# Pond Snails!!!



## Kiwimommy (May 4, 2011)

A worker at the petstore gave me 5 pond snails recently for free..and I figured why not, I'll toss them in the tanks..
So one betta has 2 snails and the other has 3..
Well..
The one with only 2 snails is egg-free and his snails are quite cute!
...
The other one, however..:shock: I noticed last night at least 5 egg clusters...
and today I removed at least 15..
Some crazy snail is going on a breeding spree!

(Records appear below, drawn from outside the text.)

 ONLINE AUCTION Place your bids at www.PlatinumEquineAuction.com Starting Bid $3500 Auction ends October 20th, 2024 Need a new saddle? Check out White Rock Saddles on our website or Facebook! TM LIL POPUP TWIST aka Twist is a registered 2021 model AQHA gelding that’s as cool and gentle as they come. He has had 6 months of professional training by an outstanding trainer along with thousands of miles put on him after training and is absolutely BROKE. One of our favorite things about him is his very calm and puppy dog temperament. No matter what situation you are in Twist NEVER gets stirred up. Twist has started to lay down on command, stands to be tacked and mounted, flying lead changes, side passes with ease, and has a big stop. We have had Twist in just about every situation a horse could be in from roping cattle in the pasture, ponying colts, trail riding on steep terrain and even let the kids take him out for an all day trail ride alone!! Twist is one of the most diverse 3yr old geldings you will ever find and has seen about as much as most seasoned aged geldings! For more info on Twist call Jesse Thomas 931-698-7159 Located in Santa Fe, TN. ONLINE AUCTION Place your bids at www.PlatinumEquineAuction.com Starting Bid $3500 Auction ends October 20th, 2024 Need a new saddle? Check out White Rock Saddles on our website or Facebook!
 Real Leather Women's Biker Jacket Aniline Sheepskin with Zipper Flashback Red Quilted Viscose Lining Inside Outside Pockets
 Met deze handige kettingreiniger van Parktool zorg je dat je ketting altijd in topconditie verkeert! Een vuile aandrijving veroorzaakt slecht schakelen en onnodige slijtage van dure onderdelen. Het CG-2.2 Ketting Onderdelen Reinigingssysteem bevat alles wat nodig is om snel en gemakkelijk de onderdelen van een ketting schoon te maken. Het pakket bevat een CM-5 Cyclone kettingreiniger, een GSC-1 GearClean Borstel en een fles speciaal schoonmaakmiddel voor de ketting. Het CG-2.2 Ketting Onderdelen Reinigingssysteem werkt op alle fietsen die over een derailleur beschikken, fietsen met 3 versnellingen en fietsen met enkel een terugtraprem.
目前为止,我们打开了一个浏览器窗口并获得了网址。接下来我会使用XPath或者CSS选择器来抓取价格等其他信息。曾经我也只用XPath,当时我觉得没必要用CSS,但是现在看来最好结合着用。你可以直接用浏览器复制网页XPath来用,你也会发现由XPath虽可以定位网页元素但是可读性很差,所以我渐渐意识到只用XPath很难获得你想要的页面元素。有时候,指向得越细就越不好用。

If I remove the eggs when I notice them and stick them in a vase..
Should the tank remain baby-free? I'll be checking daily, so I don't see how they'd manage to hide eggs from me. They were all on the sides of the tank.
I'll probably see if my bettas will eat the pond snail babies.. I don't need to be overrun by them and I'd rather they be eaten and provide nutrition as opposed to being flushed or something..
But I'll be "raising" the babies in a water filled vase instead of in my tank.


----------



## Oldfishlady (Mar 1, 2010)

I am a big common snail fan....but these little guys can get out of hand pretty fast especially if you overfeed and have left over food in the tank...more food=more snails.....so limit food for them by removing any uneaten food ASAP....look and remove the egg clusters as you are doing already and destroy and depose of properly.....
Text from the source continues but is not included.